Taiwanese scientists have discovered a silk-derived protein that can trigger the growth of pacemaker cells in the hearts of mice.
The study was published in last month’s issue of the scientific journal Nature Biomedical Engineering.
Lead author Hu Yu-feng (胡瑜峰), who is an assistant research fellow at Academia Sinica’s Institute of Biomedical Sciences, said that the research points to technology that can compete with stem cells in the race to replace artificial cardiac pacemakers.
Photo: National Yang Ming Chiao Tung University
Hydrogels prepared from silk fibroin were used in the mice trials and were extracted from natural silk supplied by the Council of Agriculture’s Miaoli research station, he said.
The substance, when injected into the inactive hearts of lab mice, triggers the expression of specific genes in muscle cells and transforms them into pacemaker cells, he said.
The simplicity, reliability and ease of implantation of the biomaterial technology makes it better than stem cell technology, he said.
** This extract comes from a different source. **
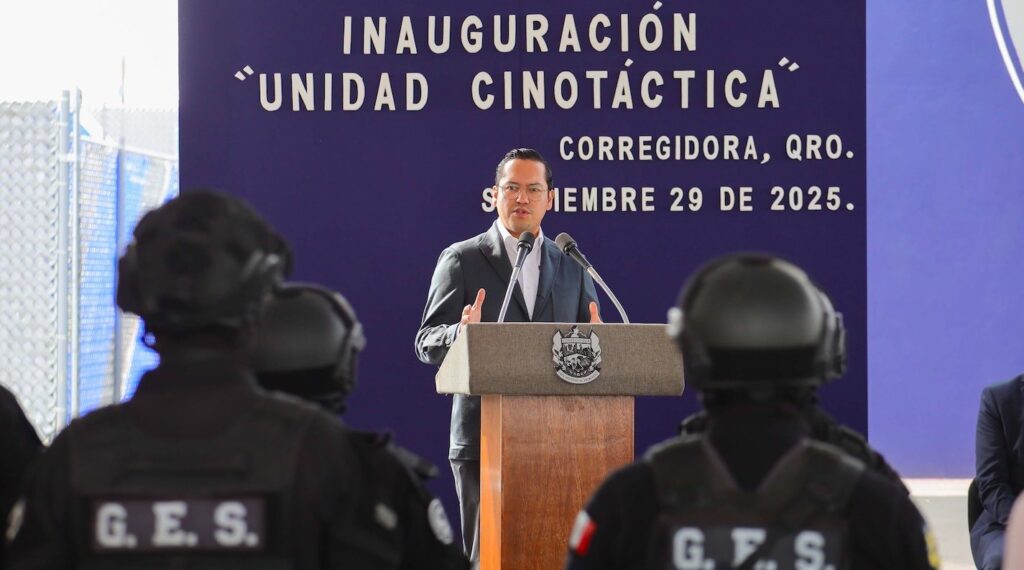 Corregidora, Qro., 29 de setiembre de 2025.- El presidente municipal de Corregidora, Chepe Guerrero, inauguró el nuevo edificio de la unidad cinotáctica de la Secretaría de Seguridad Pública, un espacio que cuenta con áreas de adiestramiento y descanso con capacidad para albergar hasta 26 caninos. En el espacio se invirtieron más de 10 millones de pesos.

Culturing pacemaker cells from stem cells is complex and unpredictable, and the cells, which must be injected into the heart, are often not absorbed by the organ, but travel in the bloodstream to other parts of the body, he said.
“If [non-functioning pacemaker cells] are a broken circuit board in a car, this [biomaterial] technology enables us to directly repair the circuit board without taking apart the car and ripping out all the wires,” he said.
The researchers have applied to patent the technology developed from the study in Taiwan and the US, he said.